Used the plate setter both times. First time was at 230 and second time at 300. Judged by appearances when it was done. Used a different brand of raw sausage each time. One from a local butcher and the other from Elgin Southside Market. Both ended up shriveled up.

Comments

  • AZRP
    AZRP Posts: 10,116
    Probably smoking it at too high a temp and rendering out the fat. -RP
  • stike
    stike Posts: 15,597
    yeah
    overcooked
    ed egli avea del cul fatto trombetta -Dante
  • Mickey
    Mickey Posts: 19,669
    Tastes trumps looks everytime :laugh:
    You can put Bone Sucking Sauce on it and will not see shriveled....
    Sausage is the only thing I overcook....
    Salado TX & 30A  FL: Egg Family: 3 Large and a very well used Mini, added a Mini Max when they came out (I'm good for now). Plus a couple Pit Boss Pellet Smokers.   

  • Grandpas Grub
    Grandpas Grub Posts: 14,226
     
    Thanks for the tip Randy. My first batch of Summer Sausage looked and tasted great. Since then I have ended up with good tasting but the casings were shriveled.

    Kent
  • fishlessman
    fishlessman Posts: 32,664
    are you smoking it from scratch, never have made it from scratch but i believe an icewater bath is needed
    fukahwee maine

    you can lead a fish to water but you can not make him drink it
  • stike
    stike Posts: 15,597
    when i do hotsmoked sausages, an ice water bath immediately off the grill is what i give them to prevent shrivelled casings


    easter_kielbasa.jpg
    ed egli avea del cul fatto trombetta -Dante
  • Rascal
    Rascal Posts: 3,923
    I would think that an ice-water bath would shrivel your sausage...
  • stike
    stike Posts: 15,597
    aber das ist nicht richtig
    ed egli avea del cul fatto trombetta -Dante
  • Grandpas Grub
    Grandpas Grub Posts: 14,226
     
    Yup, grind the beef & pork then a small amount ice water in the mix (no ice), stuff, 24hr rest and a 3 stage smoke after the 24 hrs.

    The first batch was great.

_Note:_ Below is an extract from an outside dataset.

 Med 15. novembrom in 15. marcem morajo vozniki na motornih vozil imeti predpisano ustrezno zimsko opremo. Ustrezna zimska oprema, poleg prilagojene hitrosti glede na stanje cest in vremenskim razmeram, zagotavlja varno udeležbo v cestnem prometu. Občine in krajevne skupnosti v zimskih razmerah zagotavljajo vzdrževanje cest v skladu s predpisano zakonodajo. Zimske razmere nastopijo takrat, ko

The 2nd & 3rd batch srunk leaving the casing looking wrinkled and a bit unappetizing, good taste though.

     
  • Grandpas Grub
    Grandpas Grub Posts: 14,226
     
    Those look great, I need to make some...

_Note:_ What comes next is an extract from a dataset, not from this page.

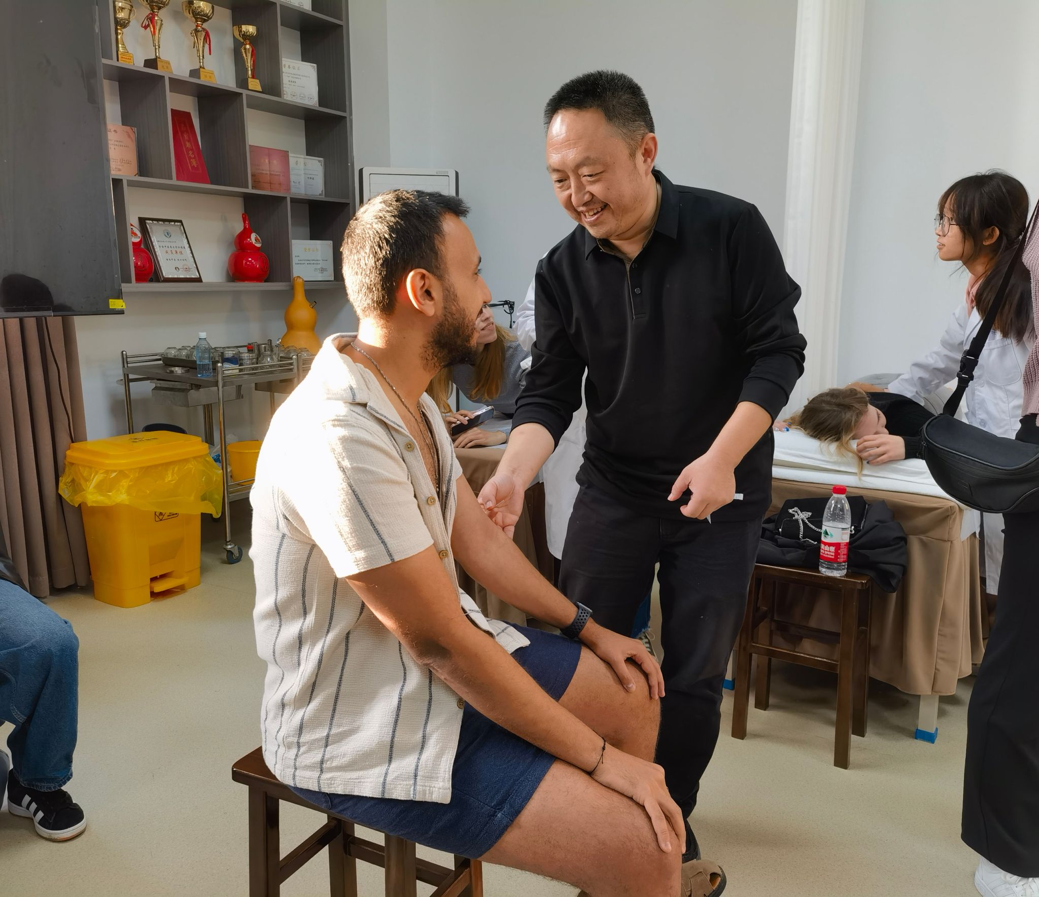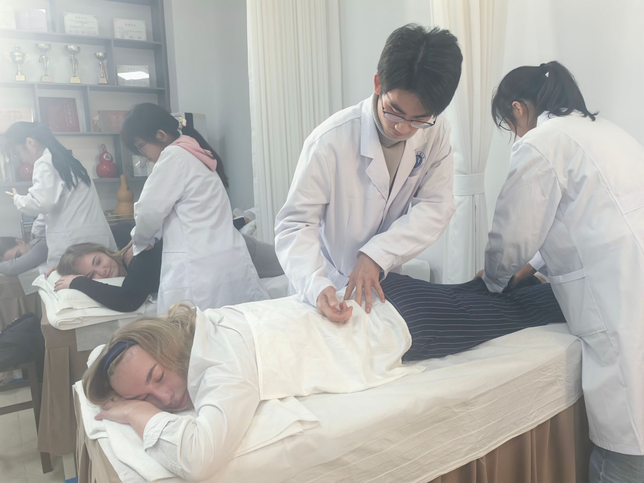 随后来访团同学们沉浸式体验了针灸、推拿、艾灸等中医特色疗法,吴子建带领华佗养生堂的员工团队为德国员工进行治疗体验。养生堂的员工充分发挥自身专业特长,为职工提供专业的推拿、针灸、拔罐、艾灸等服务。大家对这些手段能够迅速缓解各种不适症状赞不绝口,深刻感受到中医疗法的神奇和博大精深。

    Would summer sausage need the same?

    How long in the ice water?

     
  • stike
    stike Posts: 15,597
    my understanding (ruhlman/polcyn) is that anything hot smoked to 150 or so, with natural casings, should get an ice water plunge to quicky stop cooking and bring temps down principally to prevent wrinkling. not sure if the cellulose casings need it though.
    ed egli avea del cul fatto trombetta -Dante
  • fishlessman
    fishlessman Posts: 32,664
    ice bath is for after the smoking, chill as quickly as posssible to stop it from cooking further, i think you want the internal temps down to 100 immediately off the smoker
    fukahwee maine

    you can lead a fish to water but you can not make him drink it
  • Grandpas Grub
    Grandpas Grub Posts: 14,226
     
    My first batch I put in the fidge imediately and the other I let sit on the counter to cool then in the fridge. I think I will ice bath next time.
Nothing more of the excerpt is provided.